The Dryad team has been making steady improvements to platform infrastructure for many years, kicking off with the  CDL partnership and platform re-launch in 2019 . Through various outdoor meetings during lockdowns, we explored various ways to make Dryad even more researcher friendly, especially in the context of data quality and data reuse. The last years of Dryad integrations have been so heavily focused on submission in line with goals to increase awareness and feasibility of publishing data: publisher integrations, integration with Zenodo for software and supplementary information, tabular data checks with Frictionless data. These integrations have been greatly powerful and necessary for supporting research data publishing. Now, it’s time to focus that level of investment on researcher reuse of Dryad datasets.

In Q2 of 2022, we carried out a detailed analysis of the Dryad corpus and the API. Dryad hosts more than a million data files across over 48,000 data publications. Tabular data files (csv, tsv, and Excel) make up at least 30% of the submission (far more are in compressed files), followed by various image formats, and miscellaneous supporting files (scripts, notes, and readme files). At least 13% of files are opaque zipped files that contain collections of tabular or fasta files. Usage instructions were sparse and README files historically were poorly structured. 

In 2021 Dryad partnered with the Frictionless project to run data validation across all new submissions. An analysis of 46,823 tabular files revealed that 85% of the files didn’t have any obvious validation issues, 10% with problems, and 4% with more serious errors. Dryad continues to run Frictioness validation during the submission process but doesn’t yet enforce compliance before submission. 

From these results and from listening to various research communities it’s clear that with any data publisher, and especially with Dryad, the value needs to lie in the usability of published datasets. Dryad has put a plan in place to improve data quality at submission, a time when researchers are best equipped to address any problems with their datasets. We have also put a plan in motion to make substantial changes to the API and the interface.

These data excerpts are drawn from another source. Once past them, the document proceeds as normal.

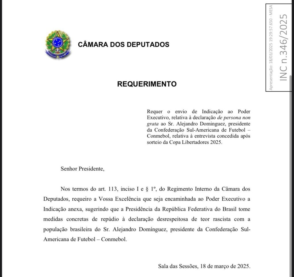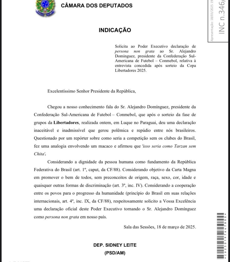 MANAUS (AM) – Uma indicação para que o presidente da Conmebol, Alejandro Dominguez, seja considerado “Persona Non Grata” no Brasil , foi enviada pelo deputado federal amazonense Sidney Leite (PSD) ao Governo Federal.
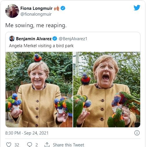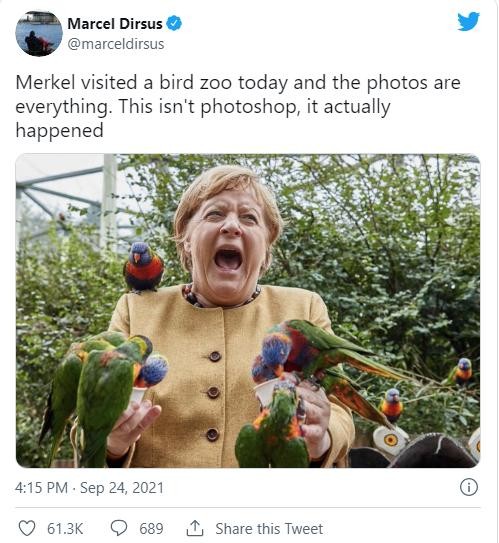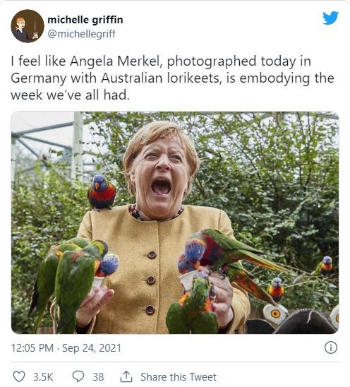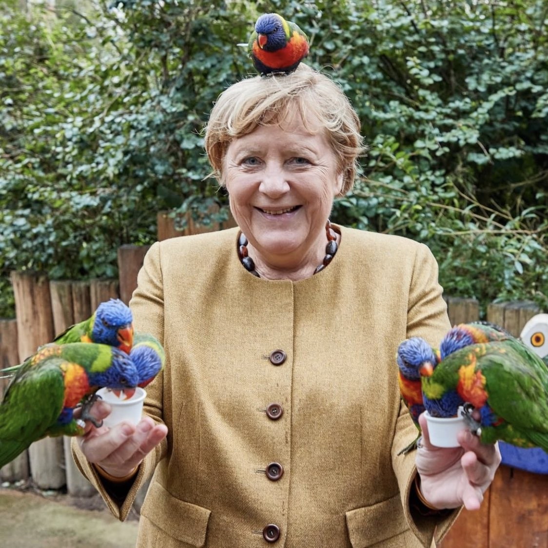 我觉得默克尔(Angela Merkel),今天在德国与澳大利亚鹦鹉的合影,体现了我们都经历过的这一周。
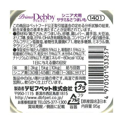 【24個セット】 デビフ プリモデビィ シニア犬ササミさつまいも 95g 犬用 フード ドッグフード【送料無料】
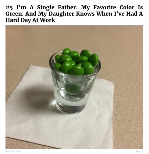 Un tata a ramas de-a dreptul impresionat de ce a facut fiica lui pentru el. Barbatul avusese o zi grea la munca si cand a ajuns acasa era de-a dreptul epuizat. Micuta lui il simtea de fiecare data cand nu era in cea mai buna forma asa ca a decis sa ii faca o surpriza. Fetita stia ca tatalui ii place mult culoarea verde, asa ca a luat mai multe bombonele verzi pe care le-a lasat intr-un pahar pe masa pentru a-si surprinde parintele. Acesta a fost extrem de emotionat de gestul in sine motiv pentru care a urcat poza pe contul de socializare si a primit zeci de like-uri.
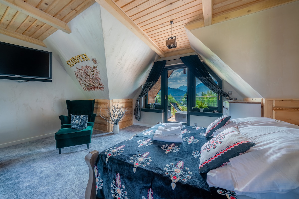 Apartament Golden View to luksusowy apartament zlokalizowany na drugim piętrze prestiżowego apartamentowca Polana Szymaszkowa Ski Resort, o powierzchni 28 m2. Jednym z największych atutów apartamentu jest jego lokalizacja. Obiekt położony jest zaledwie 50 m od stacji narciarskiej Polana Szymaszkowa oraz basenu termalnego z pięknymi widokami na całą panoramę Tatr wraz z Giewontem na pierwszym planie. Zaprojektowany został dla dwóch osób w nowoczesnym stylu.
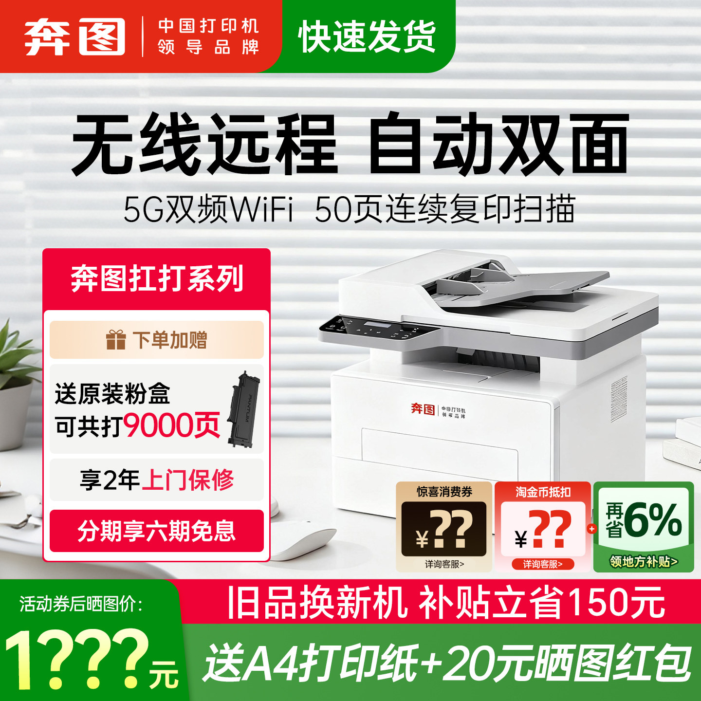 奔图旗舰店扛打BM4242ADW黑白激光打印机A4自动双面打印连续复印扫描一体机家用办公专用高速机BM4202DW BP

In the future, we will explore feature sets around file manifests, tabular file previews, rendered READMEs, README templates, and much more.  

The last decade has proved that it’s possible to get mass adoption of researchers to comply with open data policies: tossing their data over a wall to the repository, including a data availability statement (rarely with a data citation – insert Daniella’s many rants some of which are available here), and feeling like they’ve met the mandate. But at what point is this useful? It’s not if the data aren’t being reused and especially if the data are not able to be reused. 

Dryad’s mission remains to advance scientific discovery through curated open data access and driving this forward we will be focusing on feature sets centered on: reusability, machine usability, and pluggability. This includes aligning with popular data science tools, educating researchers along the submission process with more complex checks and automated tooling for quality, and rethinking how users access and compute with data published in Dryad. 

As the adoption of executable notebooks becomes more mainstream in the research community, Dryad is committed to meeting these researchers where they are headed, with a data-science-friendly research repository.